◆ Exercise ◆
Write out again only the lines between the one with "6月24日,游人在廣西南寧市" and the end of the records below, both ends counted, and don't include the pictures.

(Data supplied begins)

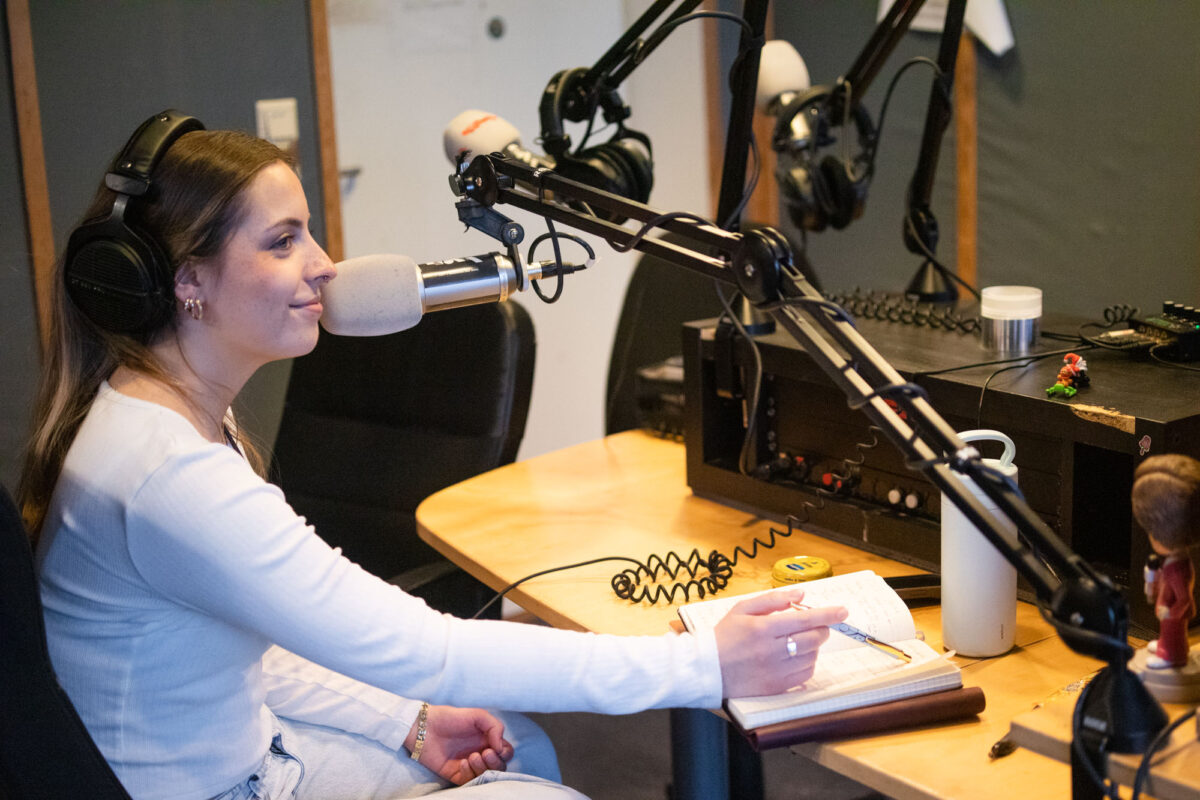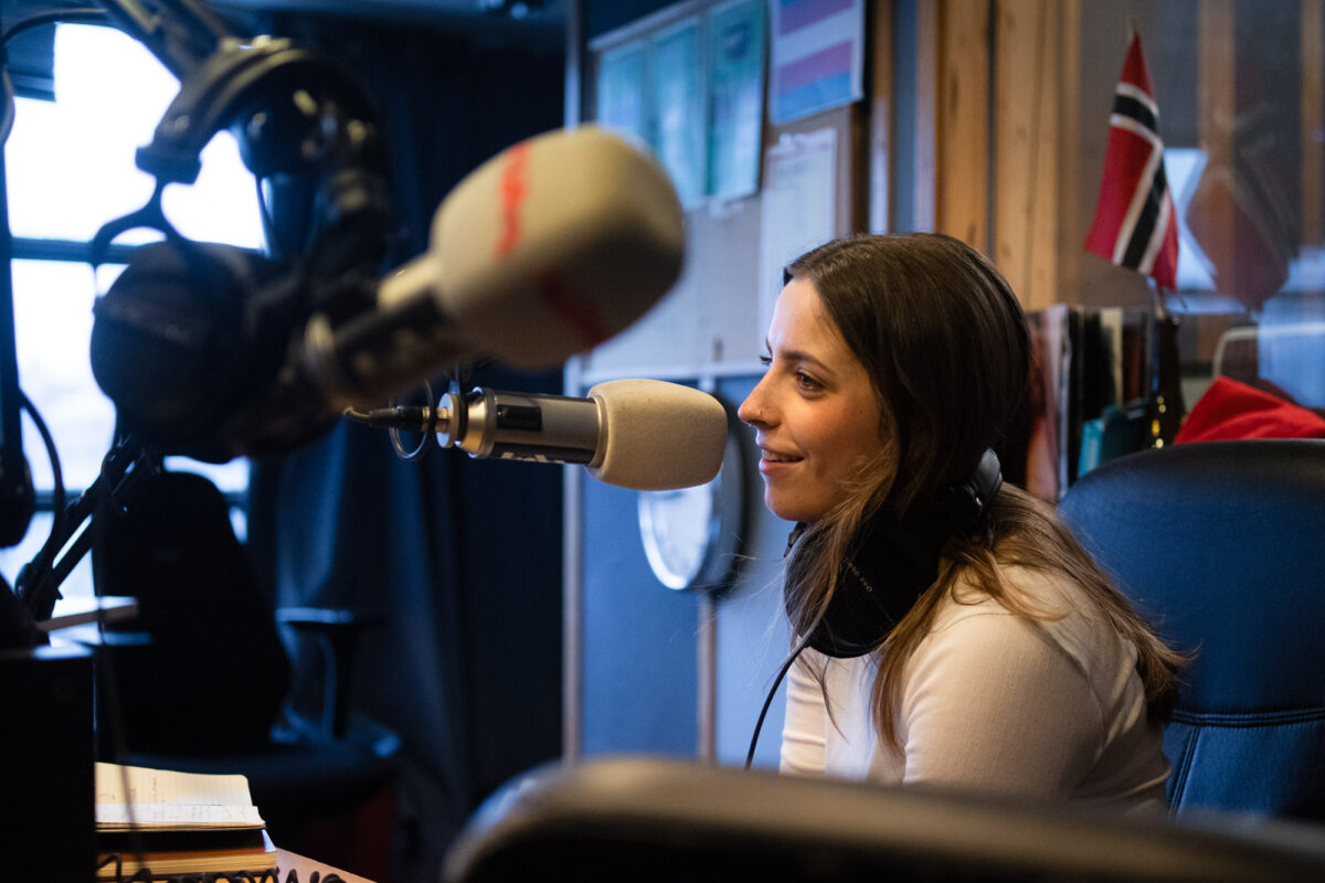 – Eg visste at studentradioen kom til å vere full av folk som var glade for å vere der, og at det difor ville vere ein god vibe – i staden for å prøve å snakke med folk på bussen, som er ulovleg, seier ho og ler.
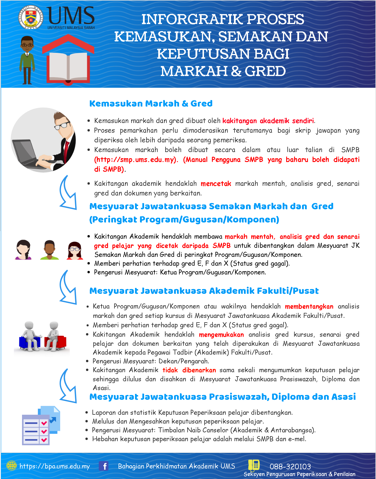 1. Sukacita dimaklumkan bahawa seksyen pengurusan peperiksaan dan penilaian, bahagian perkhidmatan akademik telah memuatnaik manual pengguna smpb (peratusan markah, kemasukan markah, penentuan gred dan analisis gred & markah) yang baharu di manual pengguna (manual peperiksaan), sistem maklumat pelajar bersepadu (http://smp.ums.edu.my).
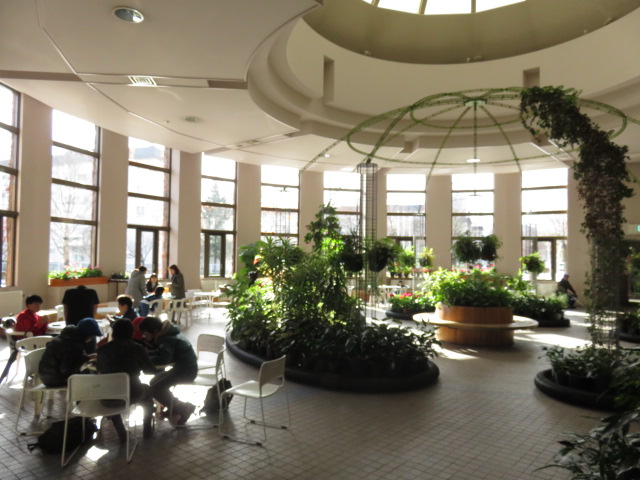 ツインキャップの中にあるこの施設は、その名の通り、大きな窓から自然光が降り注ぎ、
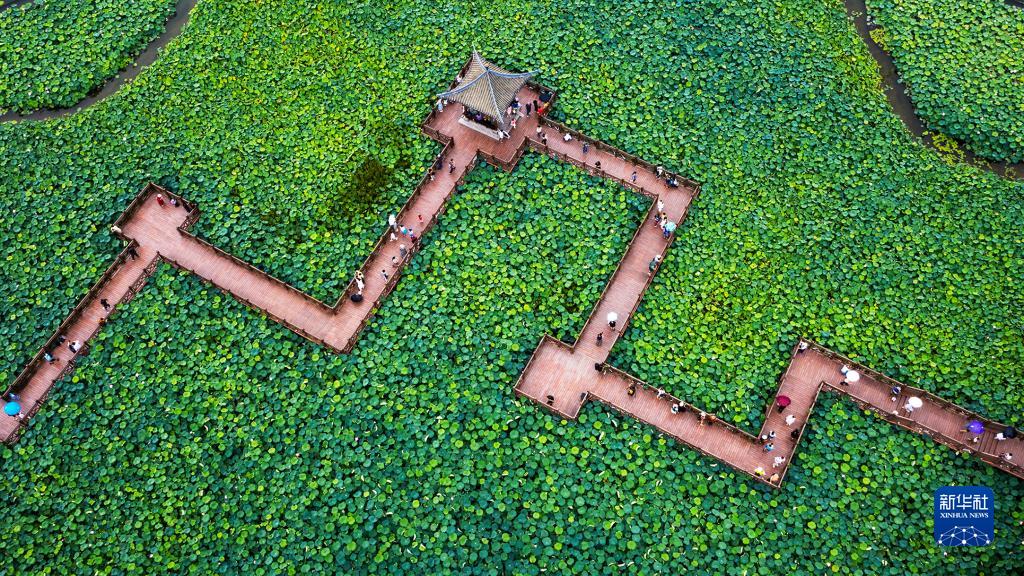 6月24日,游人在廣西南寧市南湖公園觀(guān)賞荷花(無(wú)人機照片)。
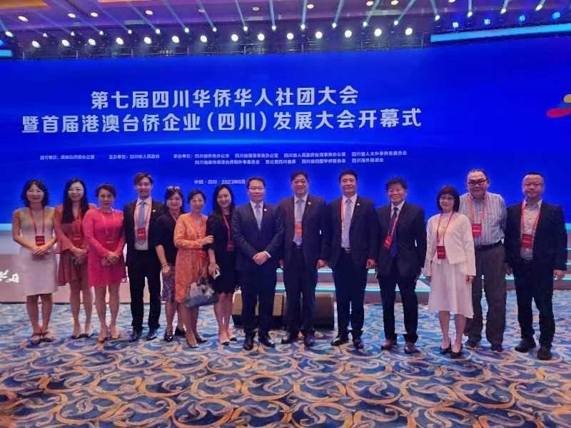 香港僑界社團聯會會長黃楚基(右六)及常務副會長兼秘書長廖宇軒(右七)與代表團成員於“第七屆四川華僑華人社團大會”上合照。 黃楚基指出,四川省位處 “一帶一路”和“長江經濟帶”的戰略銜接紐帶,陸上絲綢之路和海上絲綢之路的交匯點,是連接中國西南、西北、溝通中亞、南亞、東南亞的重要交通走廊,因此對推動中國西部長遠發展極爲重要。 他說,該會不少成員亦於四川和鄰近地區投資,因此該會相信四川和香港的商貿往來將會更趨頻繁,兩地擁有廣闊合作空間和巨大合作潛力。該會覺得這次大會的安排非常細緻,讓與會者考察省内不同經濟區如成都平原、川東 北、川南及天府等,深入瞭解省内發展勢態和感受澎拜的增長動力。 部分代表團成員參加“走進南充”及“2023 年海外華裔傑出青年天府行”兩個考察活動。

(Data supplied ends)

◆ Answer to this problem ◆
 6月24日,游人在廣西南寧市南湖公園觀(guān)賞荷花(無(wú)人機照片)。
 香港僑界社團聯會會長黃楚基(右六)及常務副會長兼秘書長廖宇軒(右七)與代表團成員於“第七屆四川華僑華人社團大會”上合照。 黃楚基指出,四川省位處 “一帶一路”和“長江經濟帶”的戰略銜接紐帶,陸上絲綢之路和海上絲綢之路的交匯點,是連接中國西南、西北、溝通中亞、南亞、東南亞的重要交通走廊,因此對推動中國西部長遠發展極爲重要。 他說,該會不少成員亦於四川和鄰近地區投資,因此該會相信四川和香港的商貿往來將會更趨頻繁,兩地擁有廣闊合作空間和巨大合作潛力。該會覺得這次大會的安排非常細緻,讓與會者考察省内不同經濟區如成都平原、川東 北、川南及天府等,深入瞭解省内發展勢態和感受澎拜的增長動力。 部分代表團成員參加“走進南充”及“2023 年海外華裔傑出青年天府行”兩個考察活動。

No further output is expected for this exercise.